There is no argument that their patients improved, but was it because of the PDT? My hunch is that the PDT may or may not be relevant. I would surmise that it’s the gentle curettage that is the key to success. Regarding other therapies, the authors state there has been “limited success partly because of difficulty penetrating the hyperkeratotic crust, especially in lesions exhibiting massive hyperkeratosis.”

There is a Goldilocks phenomenon at play in curetting EPDS — curette too vigorously and the trauma might exacerbate the lesions; curette too lightly and you will not allow whatever therapy you use to foster healing of the lesions.

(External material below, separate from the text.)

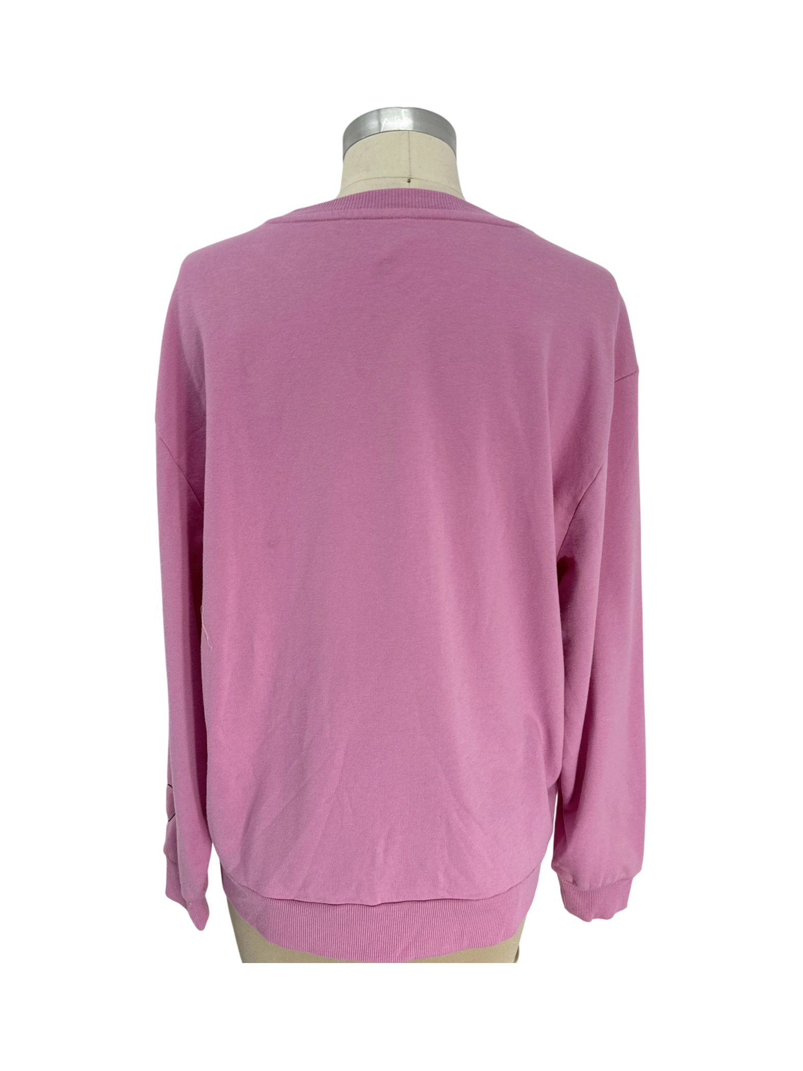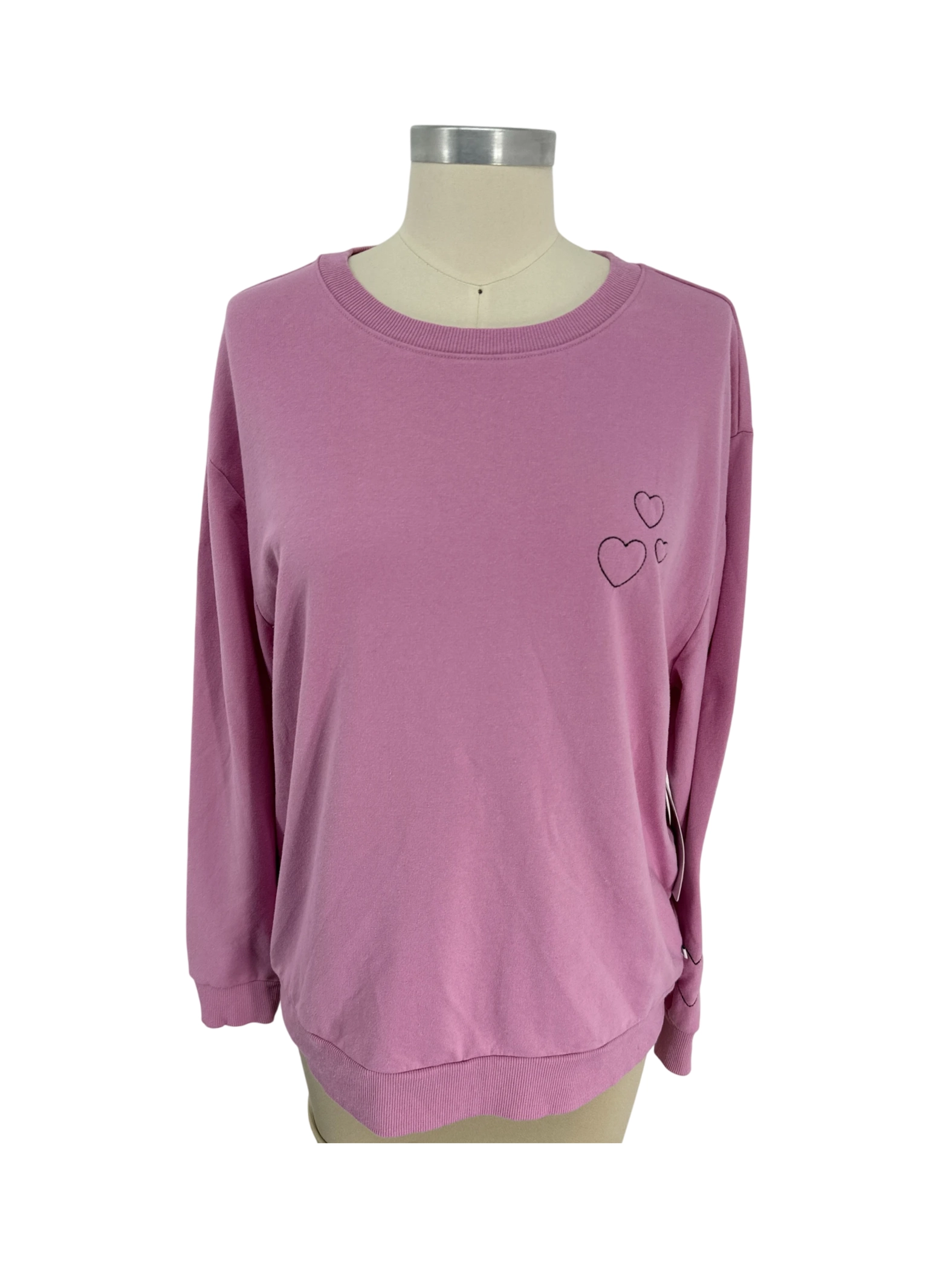 This pre-owned Balance Collection sweater is a stylish and comfortable addition to any wardrobe. The soft pink color with subtle heart detailing makes it a versatile piece for various occasions. Its crew neck design provides a classic fit, and the blend of cotton and polyester ensures durability and ease of care. Perfect for layering or wearing on its own, this sweater is ideal for cooler seasons. Designed in Los Angeles, made in China.

When treating patients with EPDS, I have found that topical steroids, tacrolimus, and dapsone all have worked well, after the crust has been removed. Perhaps PDT is a useful modality following curettage in patients with EPDS. Of course the best way to analyze this would be with a “split scalp,” curetting both sides, utilizing PDT on one side versus either petrolatum (or one of the many reported treatments). Until such studies are performed, use whatever you’d like — just gently debride first.

1. Aigner B, et al. Sun-induced pustular dermatosis of the scalp – a new variant of erosive pustular dermatosis of the scalp?
2. Broussard KC, et al. Erosive pustular dermatosis of the scalp: A review with a focus on dapsone therapy. J Am Acad Dermatol 2012; 66: 680-6.
3. López V, et al. Erosive pustular dermatosis of the scalp after photodynamic therapy. Dermatol Online J 2012; 15: 18: 13.
4. Meyer T, et al. Erosive pustular dermatosis of the scalp: A successful treatment with photodynamic therapy. Photodermatol Photoimmunol Photomed 2010; 26: 44-5.
5. Yang CS, et al. Aminolevulinic acid photodynamic therapy in the treatment of erosive pustular dermatosis of the scalp. JAMA Dermatol 2016; 152: 694-7.